Three taps A, B and C can fill a tank in 12, 15 and 20 hours respectively. Tap A is open all the time and taps B and C are open for one hour each alternately. In how many hours will the tank be full?

Correct option is A

Given:

Tap A fill tank = 12 hours

Tap B fill tank = 15 hours

Tap C fill tank = 20 hours

Solution:

Let the rates of taps A, B, and C be as follows:

Rate of A = $$\frac{1}{12}$$​ of the tank per hour

Rate of B =$$\frac{1}{15}$$​ of the tank per hour

Rate of C = $$\frac{1}{20}$$​ of the tank per hour

In 2 hours, tap A is always open, and taps B and C work alternately. In the first hour, taps A and B are working together, and in the second hour, taps A and C are working together.

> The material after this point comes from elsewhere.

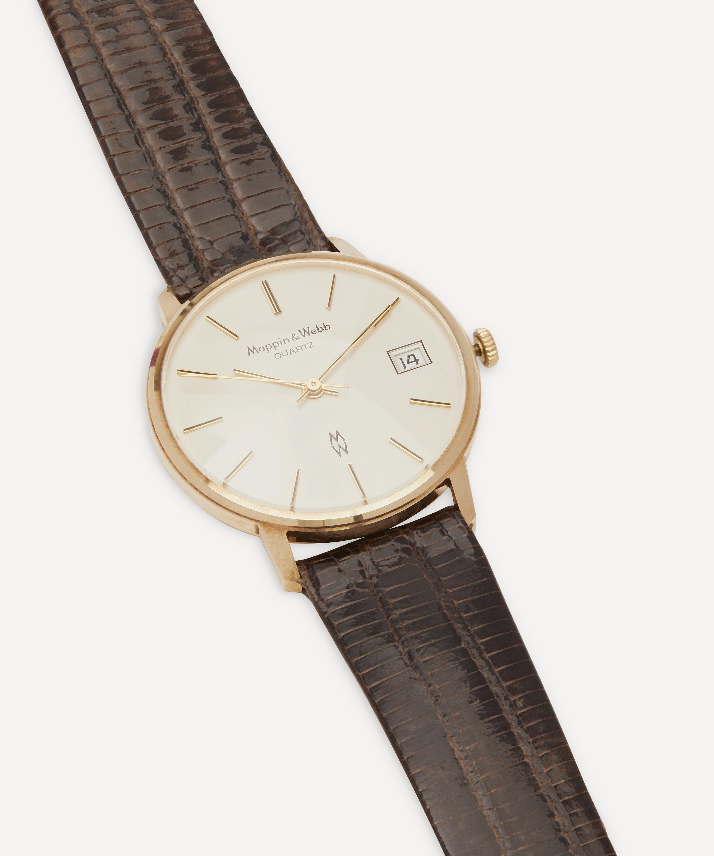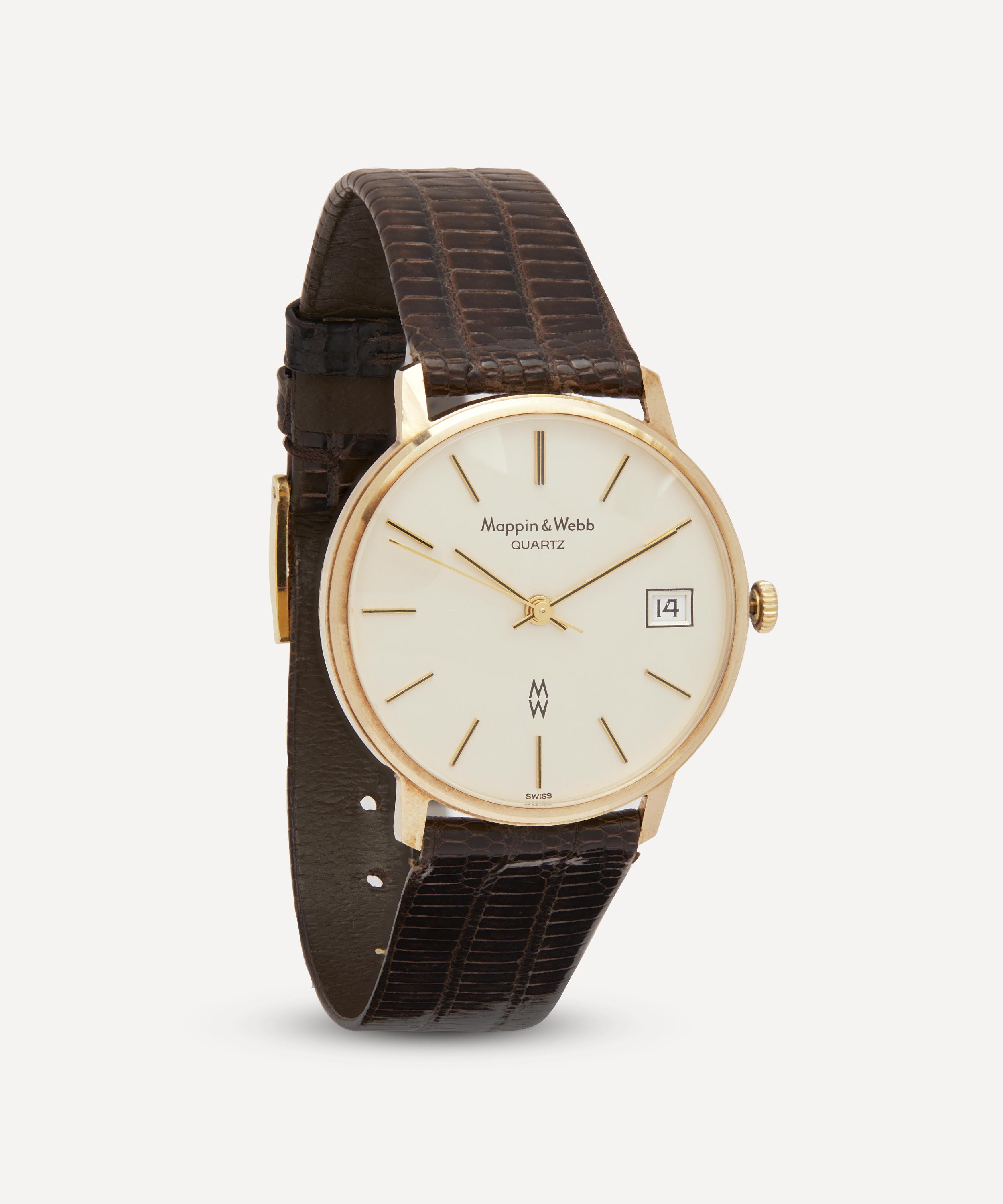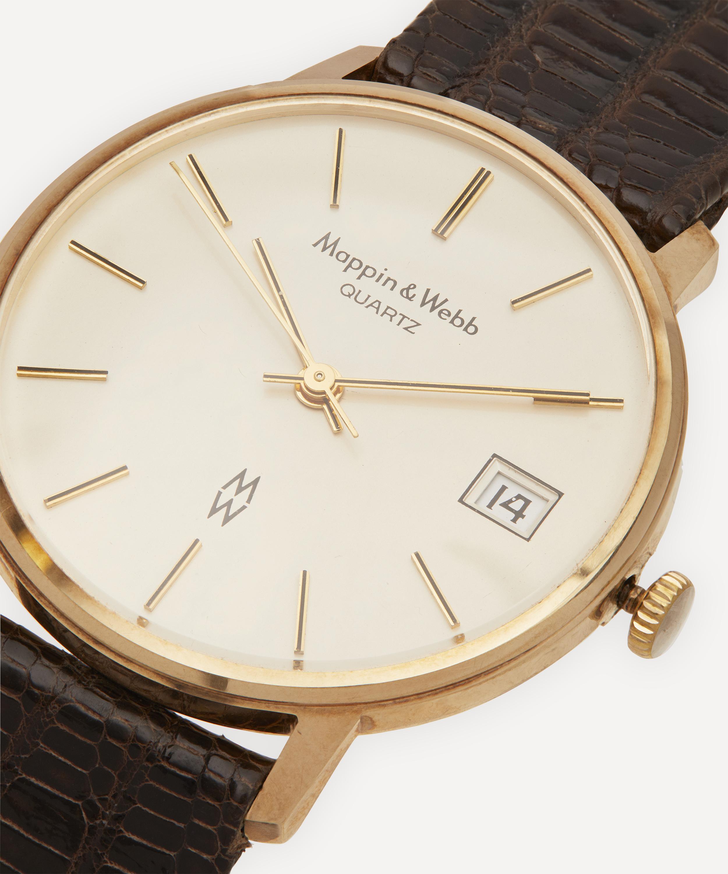 A mid 1980s, 9 carat gold quartz watch from Royal Warrant Holders Mappin & Webb. This rare and collectible piece showcases 7 jewels which reduce friction and wear, lengthening the life of a watch. Featuring an oyster-coloured dial incorporating a date feature at 3 o’clock, with fine gold hands, seconds-hand and batons, it is set in a cushioned circular case with gently convex crystal, grown-on lugs and original gadrooned crown. A Mappin & Webb bistre-brown lizard strap with complementing House buckle and self slide fits smoothly around the wrist. This watch is a quartz, it has been recently serviced and is in good working order. This item carries the Mappin & Webb authenticity script and gold hallmarks, and comes complete with its original blue presentation box and cream outer box. A highly collectible piece, it’ll become a much-admired heirloom to be passed from generation to generation.

The amount of the tank filled by A and B in the first hour is:

Rate of A + Rate of B = $$\frac{1}{12} + \frac{1}{15}$$​​

​$$= \frac{5}{60} + \frac{4}{60} = \frac{9}{60}$$​​

The amount of the tank filled by A and C in the second hour is:

Rate of A + Rate of C =$$\frac{1}{12} + \frac{1}{20}$$​​

​$$= \frac{5}{60} + \frac{3}{60} = \frac{8}{60}$$​​

Therefore, the amount of the tank filled in 2 hours is:

Amount filled in 2 hours=$$\frac{9}{60} + \frac{8}{60}$$​​​$$= \frac{21}{60} = \frac{17}{60}$$   

Amount filled in 6 hours = $$\frac{51}{60}$$

Remaining work  = 1 - $$\frac{51}{60}$$  = $$\frac{9}{60}$$

A + B complete the remaining work = $$\frac{\frac{9}{60}}{\frac{9}{60}}$$  = 1 hour​

Total time = 1 + 6 = 7 hours 

Thus, the tank will be full in approximately 7 hours.